Hangout

Mengerikan! Ini 5 Dampak Kekerasan pada Anak yang Perlu Diketahui

Kasus kekerasan anak di Indonesia tahun 2022 menjadi angka tertinggi dalam 4 tahun terakhir. Sebanyak 21.241 anak menjadi korban kekerasan. Paling tinggi korban kejahatan seksual (9.588 anak), 9.588 anak korban kekerasan seksual dan 3.746 anak menjadi korban kekerasan fisik.

Anak korban kekerasan mengalami dua luka sekaligus. Luka fisik dan psikis. Orang tua berperan penting mengatasinya. Apabila tidak mampu, harus meminta bantuan psikiater atau psikolog.

Berikut dampak kesehatan pada anak korban kekerasan,

1. Sulit mengendalikan emosi

Anak yang menjadi korban kekerasan akan kesulitan mengelola emosinya dengan baik. Emosi yang dirasakan sering kali muncul secara berlebihan, misalnya anak menjadi lebih mudah merasa marah, sedih, atau sering merasa ketakutan.

Ketidakmampuan anak mengendalikan emosi bisa saja menetap hingga ia dewasa dan mempengaruhi perilaku serta aktivitas hariannya, seperti sulit memaafkan kesalahan orang lain dan tidak mampu bekerja secara efektif.

2. Mengalami penurunan fungsi otak

Anak yang menjadi korban kekerasan juga dapat mengalami penurunan fungsi otak. Kondisi ini menyebabkan ia sulit memusatkan perhatian dan mempelajari hal-hal baru. Dalam jangka Panjang dapat menyebabkan prestasi akademik anak tersebut menurun.

Tak hanya itu, beberapa penelitian juga menunjukkan pengalaman traumatis, termasuk kekerasan pada anak, dapat meningkatkan risiko terjadinya demensia saat lanjut usia.

3. Sulit membangun hubungan dengan orang lain

Pengalaman seorang anak sebagai korban kekerasan dapat membuat ia tumbuh menjadi orang yang mudah merasa curiga dan tidak mudah percaya pada orang lain. Akibatnya, ia sulit mempertahankan hubungan dengan orang di sekitarnya dan rentan mengalami kesepian.

Beberapa penelitian bahkan menunjukkan korban kekerasan anak mempunyai risiko lebih besar untuk mengalami kegagalan dalam membina hubungan asmara dan pernikahan saat sudah dewasa.

Bahkan, mereka juga mungkin mengalami fobia terhadap jenis kelamin tertentu, misalnya terhadap laki-laki jika ayahnya yang melakukan kekerasan.
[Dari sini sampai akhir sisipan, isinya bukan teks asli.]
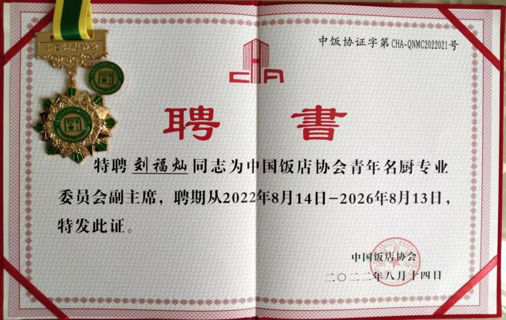 2022年8月13日,由中国饭店协会、陕西省商务厅联合主办的第二届中国餐饮工匠节暨2022中国名厨大会青年名厨峰会、中国饭店协会青年名厨专业委员会换届大会在西安开幕。受云南省餐饮与美食行业协会委派,今年5月19日在拓东杯比赛竞选荣获第一名的TapTap刘福灿老师出席大会,并正式担任中国饭店协会青年名厨专业委员会副主席。
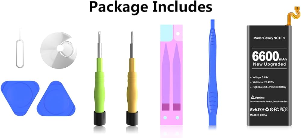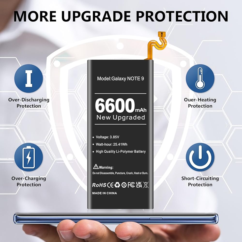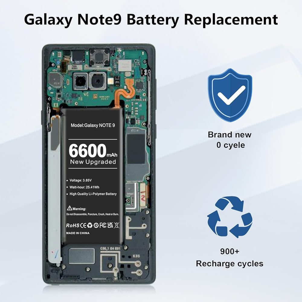 【جودة عالية】تضمن الخلايا من الدرجة A+ عمرًا أطول للبطارية، البطارية البديلة لمجموعة بطاريات Samsung Galaxy Note9 متضمنة أدوات الإصلاح والتعليمات. أدوات كاملة وتعليمات واضحة. حتى لو كنت غير محترف، يمكنك أيضًا اتباع التعليمات لتثبيت البطارية خطوة بخطوة. نقترح عليك مشاهدة المزيد من مقاطع الفيديو ذات الصلة حول استبدال البطارية على YouTube قبل استبدالها.
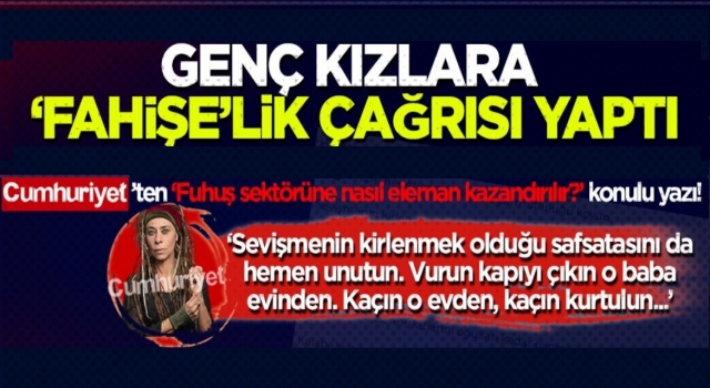 Cumhuriyet gazetesinin onayından geçen ve genç kızlara adeta ‘fuhşun’ pazarlamasını yapan Mine Söğüt’ün kaleminden çıkan yazı için yetkilileri göreve çağırıyoruz!
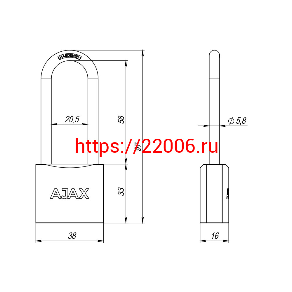 - Замок Ajax (Аякс) навесной PD-0138-L (PD-01-38-L) 3 key англ. в Воронеже недорого
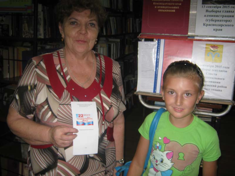 | (информационная акция). 21.08.2015г. МБУК «ОМЦБ», центральный парк. 21 чел. Библиотекари МБУК»ОМЦБ» для жителей и гостей станицы Отрадной провели информационную акцию, приуроченную ко Дню Российского флага. Цель: патриотическое просвещение население, пропаганда праздника. Участники мероприятия получили информационные листовки, повествующие о истории и традициях празднования Дня Российского флага. | |

4. Berisiko lebih tinggi untuk mengalami masalah kesehatan

Trauma akibat tindak kekerasan pada anak dapat meningkatkan risiko terjadinya berbagai macam masalah kesehatan, baik kesehatan fisik maupun kesehatan mental, seperti asma, diabetes, penyakit jantung koroner, stroke, serangan panik dan depresi.

Korban kekerasan pada anak juga memiliki kecenderungan yang lebih tinggi untuk mengonsumsi alkohol secara berlebihan dan menggunakan narkoba sebagai coping mechanism atau cara mengatasi trauma yang ia rasakan.

Bahkan, keinginan untuk bunuh diri juga dapat muncul bila trauma karena tindak kekerasan pada anak tidak kunjung teratasi. Selain itu, pria yang pernah mengalami kekerasan dalam rumah tangga di masa kecilnya juga lebih berisiko mengalami depresi setelah menjadi ayah nantinya.

5. Menjadi pelaku kekerasan pada anak

Orang tua yang pernah menjadi korban kekerasan selama masa kecilnya dapat melakukan hal yang sama pada anaknya. Siklus ini dapat terus berlanjut apabila korban kekerasan anak tidak mendapatkan penanganan yang tepat untuk mengatasi trauma yang dialami.